The playbook that follows from this: for queries where an AI Overview already appears, aim to be cited AND rank #1 below. Getting cited alone is a pyrrhic win — users read the summary and leave. Ranking alone misses the traffic that would have clicked the summary source. Both together is the outcome.
What This Means For Content Strategy
The shift has reshaped how we plan content calendars. Specifically:
- Pillar posts matter more. A 3,000-word in-depth guide on your core topic will out-earn five shallow posts. LLMs prefer comprehensive, authoritative sources.
- FAQ content is high leverage. A FAQ-heavy page that answers 20 common questions about your niche gets cited constantly — one citation per question, many questions per page.
- Listicles are not dead. The 'Top N' format survives because it maps cleanly to how LLMs structure answers. Rewrite sparingly but keep them in the mix.
- Publish a position. LLMs cite articles that take clear stances more than they cite 'balanced' think-pieces. Hedging reads as low signal.
- Re-publish old hits. If a 2022 article is getting LLM citations, update the publish date, add 3-4 new paragraphs with fresh data, and republish. The signal refresh is worth the work.

Measuring GEO Without Good Tools
Tracking is the weak link. Google Search Console shows you clicks from Google blue links but not from AI Overviews. ChatGPT, Claude, and Perplexity do not publish referrer analytics. The best signals we have found, ranked by usefulness:
- Direct user reports. "I found you through ChatGPT" in your signup form. Add a "how did you hear about us" field and check it monthly.
- Referrer analytics. Not all AI systems strip the referrer. perplexity.ai and similar sometimes send identifiable traffic; check your analytics for these referrers.

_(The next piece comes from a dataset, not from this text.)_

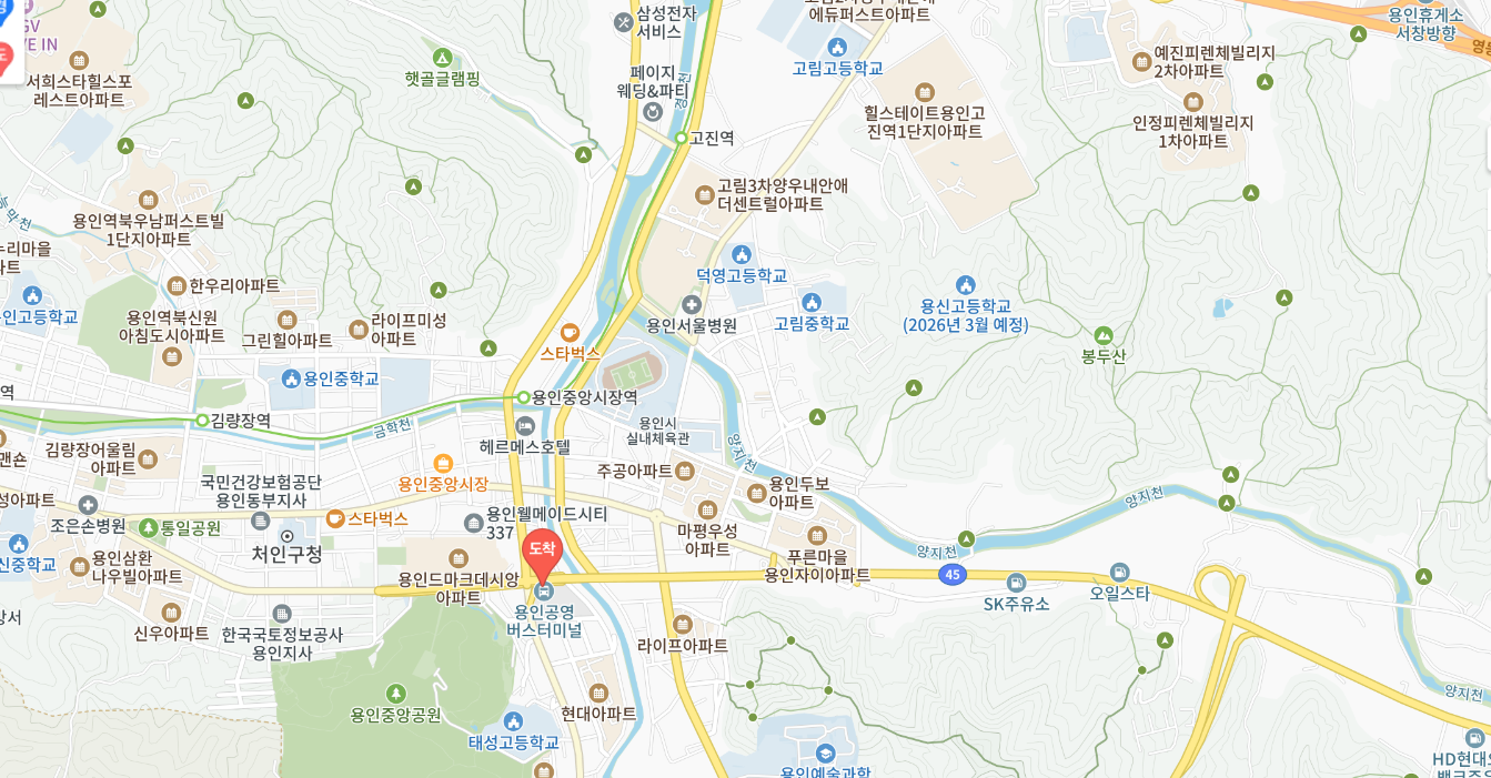 출발지를 '용인'으로, 도착지를 원하는 목적지로 선택합니다

- Brand search volume. If your brand name's monthly search volume is rising faster than your content output, LLMs are probably citing you (people then Google the brand to verify).
- Ahrefs / Semrush AI-mode tracking. Both launched rough AI-visibility features in 2025; neither is accurate enough to be the primary signal yet, but both are improving.
- Direct testing. Ask the top 20 questions your customers ask, in the top 3 LLMs, once a month. Track whether you appear. Manual but accurate.
The Three Failure Modes
Before closing, here are three patterns we see that consistently underperform in LLM citation:
- Thin content behind a paywall. LLMs cannot crawl what they cannot see. If your best content is gated, it will not be cited.
- Heavy client-side rendering with no server-rendered fallback. AI crawlers are getting better at JavaScript, but most still read server-rendered HTML preferentially. If your site ships an empty shell to bots, you are invisible.
- Over-optimised keyword-stuffed copy. LLMs have been trained on piles of spammy SEO content. They pattern-match it and down-weight. Ironically, writing for humans performs better than writing for SEO bots.
Run a GEO Audit on Your Site
SocialScript's free SEO audit at socialscript.in/seo-audit now checks for several GEO-adjacent signals: canonical tags, FAQ schema, llms.txt presence, Article schema, publishing freshness, heading structure, and mobile readability. It takes under 90 seconds and the report includes a prioritised fix list. If you are serious about showing up in AI answers over the next twelve months, start with that — the foundation is the same as classical SEO, and the audit will surface whatever is broken.
Generative Engine Optimisation is SEO for a world where the index is an LLM. The core discipline — writing specific, structured, authoritative, well-sourced content for humans — is unchanged. What is changing is that your readers are increasingly delegating their search to an AI, and the AI's taste is slightly different from Google's. Optimising for both at once is the work of the next three years. The agencies that figure it out first will win the next growth cycle. The agencies that wait will spend it chasing a ranking system that is already fading.